You know how when you’re a kid you cannot contain yourself when there are presents under the tree?

You peer though the wrapper in case it’s the least bit transparent, you peek through the slit where one end of the wrapper meets the other, and you shake it and shake it trying to guess what’s in the box? Well. Nothing is more frustrating than when the box doesn’t shake…especially when it’s really big and heavy.

After days of suspense, your self-control breaks and you really, really have to see what’s inside…

…so you look around to make sure no one is around, take one end of the present and loosen the tape a little, hoping to maybe see the label of the gift that will tell you what’s in it.

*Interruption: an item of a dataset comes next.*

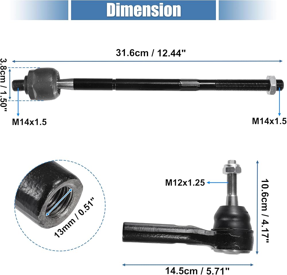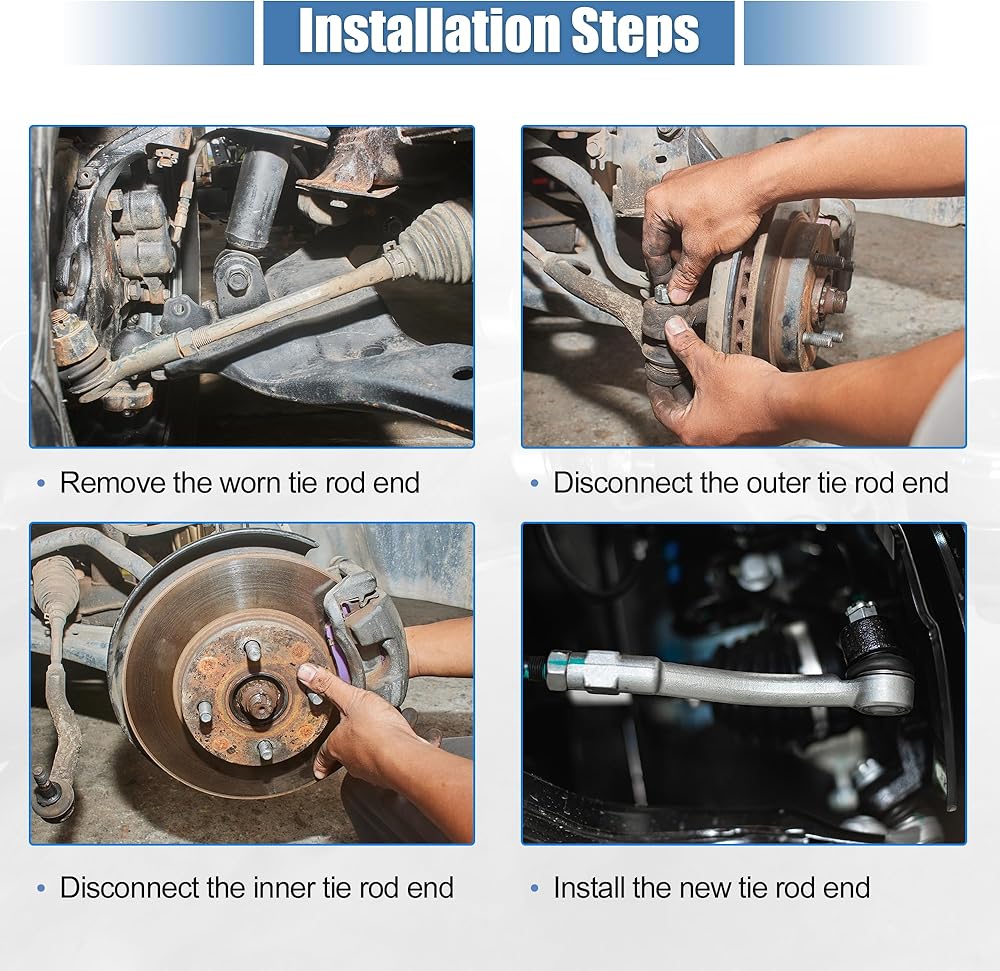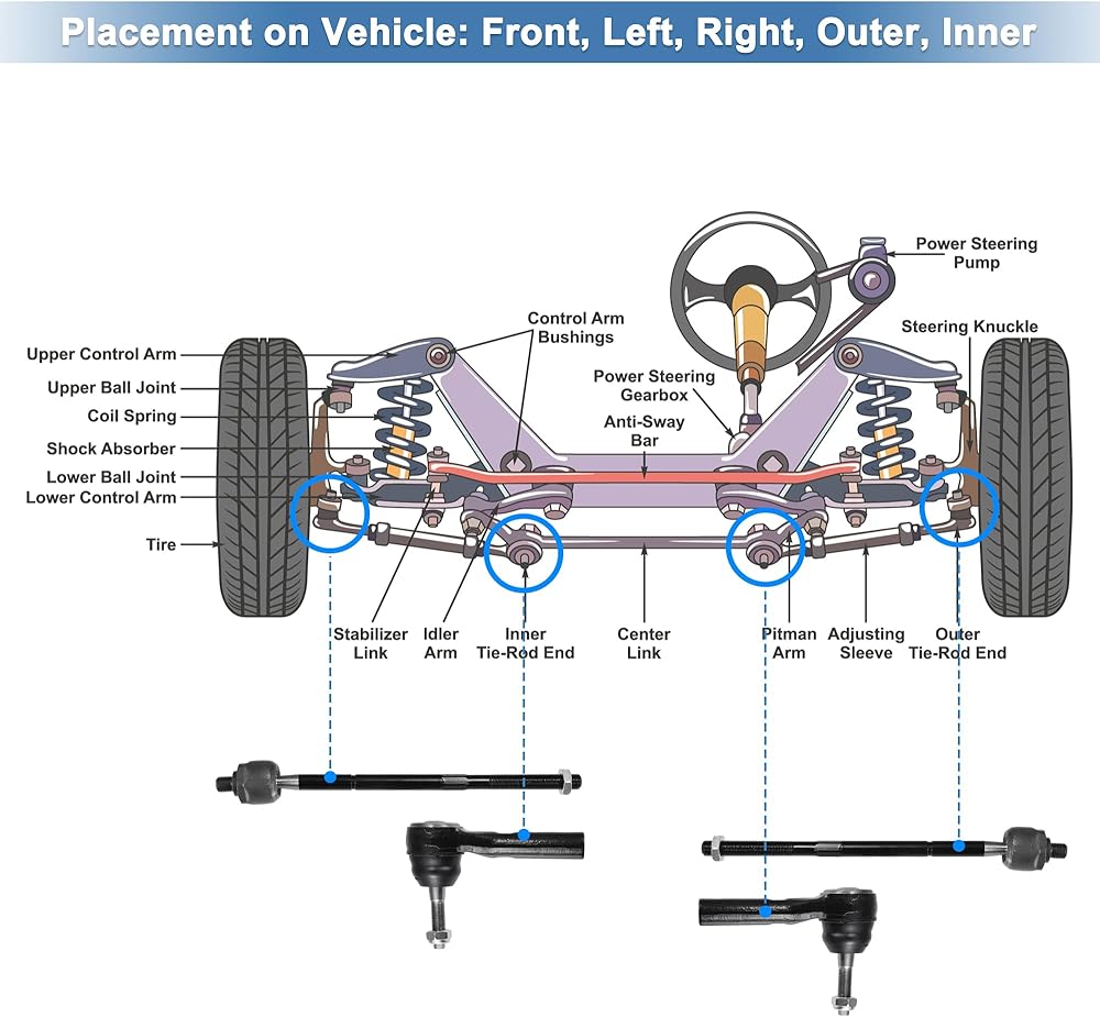 الوضع على السيارة: أمامي، داخلي، خارجي، يسار، يمين. تتضمن الحزمة: 2 قطعة من أطراف قضيب الربط الخارجي الأمامي، 2 قطعة من أطراف قضيب الربط الداخلي الأمامي.
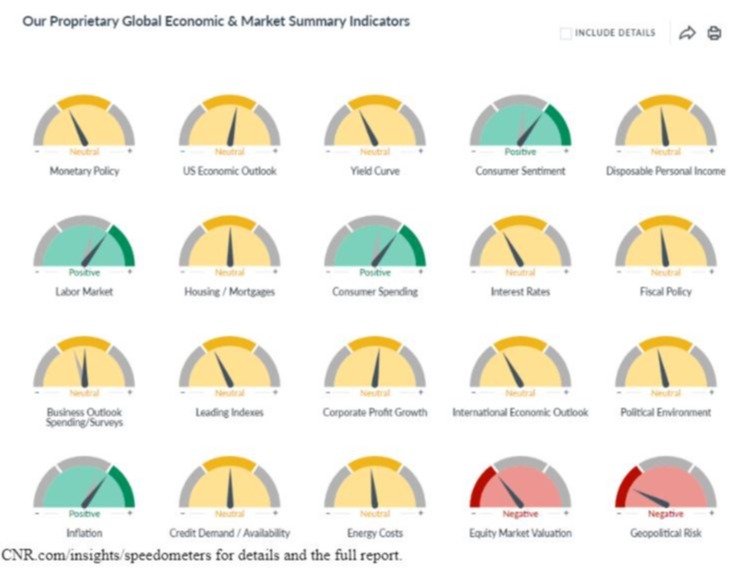 Green in time for spring! Enough progress occurs among CNR’s 20 indicators to click towards growth! Even equity market valuations are on “the line” towards better valuation. Smile and breathe a little more ease. Keep reading about equity markets below…..

Without fail, I did that with the untagged presents under Mama’s tree. It’s just so suggestive laying there pooled at the foot of the tree. I always asked Juliet…

“Kanino to?”

She’d say, “Wala…

“Anong laman?”

“Wala lang yan.”

And really, what kind of provocation is that? Who’s it for and what’s inside? It’s aggravating not to know... So after a few days shaking and weighing, I peel the tape off the taped up bottom…and in all anticipation, I finally take a look.

I see yellow pages.

I take a longer look and realize it’s the Yellow Pages.

Really, the actual Yellow Pages….you know? “Let your fingers do the walking?”

Oo nga. Wala talaga.

Its just fake out Christmas presents to make the tree look more Christmassy, at least until the real presents come and to “keep the look” until the Christmas decors have to come down at the end of the season.

But without fail, every year, I go crazy just looking at those untagged, unopened presents and I just have to have a look.

Every single year.

The thing is, those “presents” don’t change in wrapper or anything. It looked the same every single year, but every year, I forget what’s in it and it always drove me crazy.

Yellow pages….I still laugh at myself when I see one of those laying about.